Town and country planning — Advertisement regulations — Display of advertisements in contravention of regulations — Whether owner and occupier of land upon which advertisements displayed without express consent not guilty of offence by proving advertisement displayed without his consent
The respondent
owner and occupier of land had given no express consent to the display of
advertisements on hoardings erected on its land of MD Ltd. Although the owner had had negotiations with
MD Ltd, these had not come to fruition and upon the respondent becoming aware
of the advertisement hoardings, it removed them as soon as it could. On those findings the justices concluded that
the advertisement hoarding was erected without the knowledge or consent of the
respondent who, by virtue of section 224(5) of the Town and Country Planning
Act 1990, was not guilty of an offence of displaying an advertisement. The appellant local planning authority
appealed by way of a case stated contending that it could not be a proper
defence to a charge under section 224(3) of the 1990 Act for a defendant owner
or occupier of land upon which advertisements have been displayed with its
knowledge that they were displayed without its knowledge or consent.
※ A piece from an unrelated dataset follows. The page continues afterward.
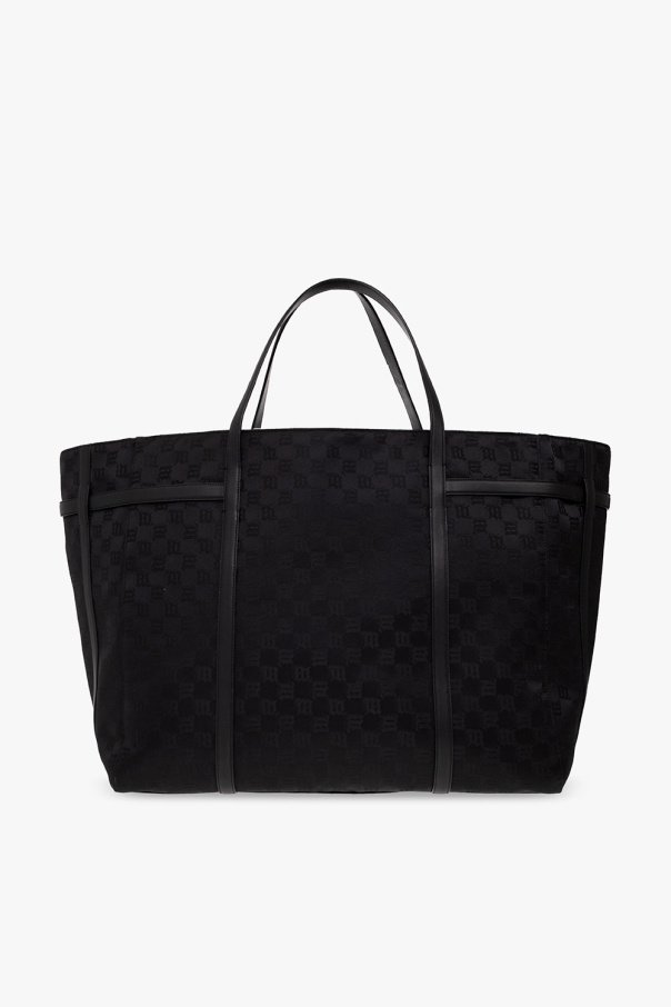 Black shopper bag from MISBHV. Crafted from cotton, this design features a zip fastening, monogram pattern, two half-round handles, silver-tone metal hardware and one internal compartment with two zip pockets.

The Divisional Court in Merton London Borough Council v Edmonds
The Times July 6 1993 decided that in the context of the defence in section
224(5) of the 1990 Act the expression ‘knowledge or consent’ must be construed
disjunctively so that even though the person in question has, or acquires,
knowledge of a display, it is still open to him to seek to establish, the
burden being on him, that he did not and does not consent to it. That decision would be applied to this
appeal. On the facts found by the
justices it could not be said that the respondent had not established absence
of implicit consent.
The following
case is referred to in this report.
Merton
London Borough Council v Richard Edmonds The
Times, July 6 1993
This was an
appeal by way of a case stated by the applicants, Wycombe District Council,
from a decision of the justices for the county of Buckinghamshire acting in and
for the petty sessional division of Wycombe, who on October 20 1992 dismissed
informations preferred by the appellants against the respondent, Michael Shanly
Group Ltd, relating to the display of advertisements upon hoarding at Queen
Alexander Road, High Wycombe.
Charles Mynors
(instructed by the solicitor to Wycombe District Council) appeared on behalf of
the appellants; Philip Astor (instructed by Harold Benjamin & Collins, of
Harrow) represented the respondent.
Giving
judgment, MANN LJ said: There is before the court an appeal by way of
case stated. The appellants are Wycombe
District Council in their capacity as district planning authority. The respondent is Michael Shanly Group Ltd in
its capacity as owner and occupier of land at Queen Alexander Road, High
Wycombe. The case is stated by the
justices for the county of Buckinghamshire acting in and for the petty
sessional division of Wycombe in respect of their adjudication as a
magistrates’ court sitting at High Wycombe on October 20 1992. On that day, the justices had before them
three informations which had been preferred by the appellant authority against
the respondent company. Each information
related to the display of advertisements upon a hoarding located on the land
owned and occupied by the respondent company.
The
informations related to three different dates.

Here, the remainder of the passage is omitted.